2 cups spinach leaves, packed
1 ripe pear, peeled, cored, and chopped
15 green or red grapes
6 ounces fat-free plain Greek yogurt
2 tablespoons chopped avocado
1 or 2 tablespoons fresh lime juice
In a blender or food processor, combine all the ingredients until blended to the desired consistency.

[Chocolate Raspberry Smoothie]

½ cup skim or soy milk
6 oz. vanilla yogurt
¼ c chocolate chips
1 cup fresh raspberries
Handful of ice OR 1 cup frozen raspberries
COMBINE ingredients in a blender. Blend for 1 minute, transfer to a glass, and eat with a spoon.
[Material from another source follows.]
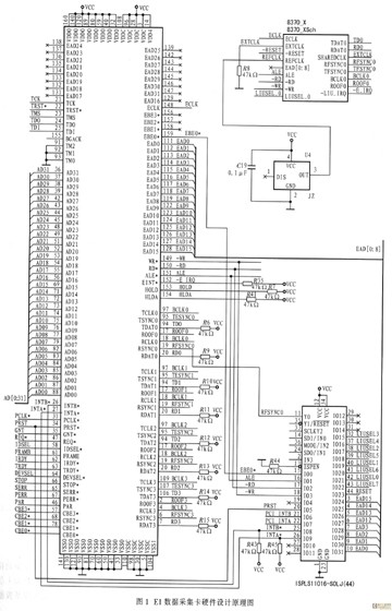 隨著電信網(wǎng)絡(luò)迅速發(fā)展,基于軟交換技術(shù)的NGN網(wǎng)絡(luò)應(yīng)運(yùn)而生。在構(gòu)建中,NGN需通過信令網(wǎng)關(guān)SG與現(xiàn)有的七號(hào)信令網(wǎng)互通,但在物理上采用HDLC格式的 E1傳輸。為了維護(hù)NGN網(wǎng)絡(luò),實(shí)現(xiàn)不同采集口的多協(xié)議關(guān)聯(lián)、呼叫的合成等功能,相應(yīng)的測試儀表必須提供網(wǎng)卡和E1卡的測試接口。根據(jù)NGN網(wǎng)絡(luò)測試儀表的總體設(shè)計(jì)方案要求,數(shù)據(jù)采集卡采用PCI插槽,E1信號(hào)經(jīng)物理接口器件成幀,通過串口送給MUSYCC,完成消息重組,最后通過PCI總線將消息送至上層軟件進(jìn)行協(xié)議分析處理。數(shù)據(jù)采集卡提供網(wǎng)絡(luò)接口的物理層、鏈路層功能以及PCI規(guī)范接口,可同時(shí)監(jiān)測8路E1信號(hào)。

[Chocolate and Peanut Butter Smoothie]

3/4 cup frozen berries
1/4 cup low-fat vanilla yogurt
1/2 cup low-fat chocolate soy milk
2 tablespoons reduced-fat all-natural peanut butter
In a blender, combine 3/4 cup frozen berries, 1/4 cup low-fat vanilla yogurt, 1/2 cup low-fat chocolate soy milk and 2 tablespoons reduced-fat all-natural peanut butter.

[Mango Smoothie Surprise]

¼ cup mango cubes
¼ cup mashed ripe avocado
½ cup mango juice
¼ cup fat-free vanilla yogurt
1 Tbsp freshly squeezed lime juice
1 Tbsp sugar
6 ice cubes
COMBINE all ingredients in a blender and process until smooth. Pour into a tall glass. Garnish with sliced mango or strawberry, if desired, and serve.